Amorphous Structure Benefits in MgV2O4/V2O3 Composites for Zinc‐Ion Storage: An Integration of Computational and Experimental Studies

Abstract

AbstractThis study investigates the electrochemical properties of MgV2O4/V2O3 composites for Aqueous Zinc‐Ion Batteries (AZIBs) using both Density Functional Theory (DFT) calculations and experimental validation. DFT analysis reveals significant electron mobility and reactivity at the MgV2O4/V2O3 interface, enhancing Zn2+ storage capabilities. This theoretical prediction is confirmed experimentally by synthesizing a novel MgV2O4/V2O3 composite that demonstrates superior electrochemical performance compared to pristine phases. Notably, the transition of the MgV2O4/V2O3 composite into an amorphous structure during electrochemical cycling is pivotal, providing enhanced diffusion pathways and increased conductivity.
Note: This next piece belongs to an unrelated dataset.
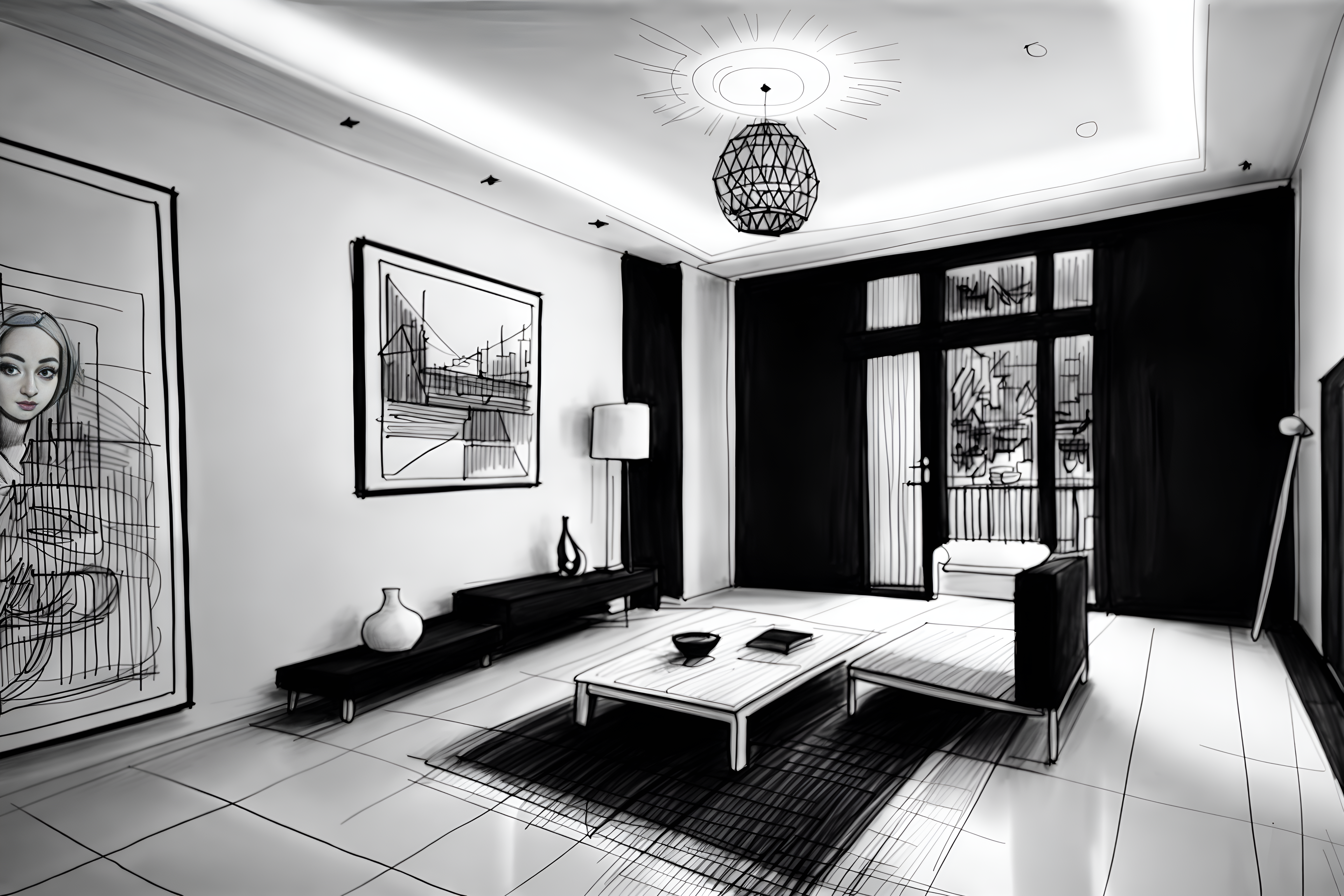 (hand-drawn monochrome black and white sketch line drawing)++ of sketch-style interior designed () apartment interior. a sketch of interior. with . a sketch of interior. trending on artstation. black and white line drawing sketch without colors. masterpiece, cinematic light, ultrarealistic+, photorealistic+, 8k, raw photo, realistic, sharp focus on eyes, (symmetrical eyes), (intact eyes), hyperrealistic, highest quality, best quality, , highly detailed, masterpiece, best quality, extremely detailed 8k wallpaper, masterpiece, best quality, ultra-detailed, best shadow, detailed background, detailed face, detailed eyes, high contrast, best illumination, detailed face, dulux, caustic, dynamic angle, detailed glow. dramatic lighting. highly detailed, insanely detailed hair, symmetrical, intricate details, professionally retouched, 8k high definition. strong bokeh. award winning photo.

The composite delivers a consistent specific capacity of 330.2 mAh g−1 over 50 cycles at 0.1 A g−1 and maintains 152.7 mAh g−1 at an elevated current density of 20 A g−1 after 2000 cycles, validating the synergy between DFT insights and experimental outcomes, and underscoring the potential of amorphous structures in enhancing battery performance.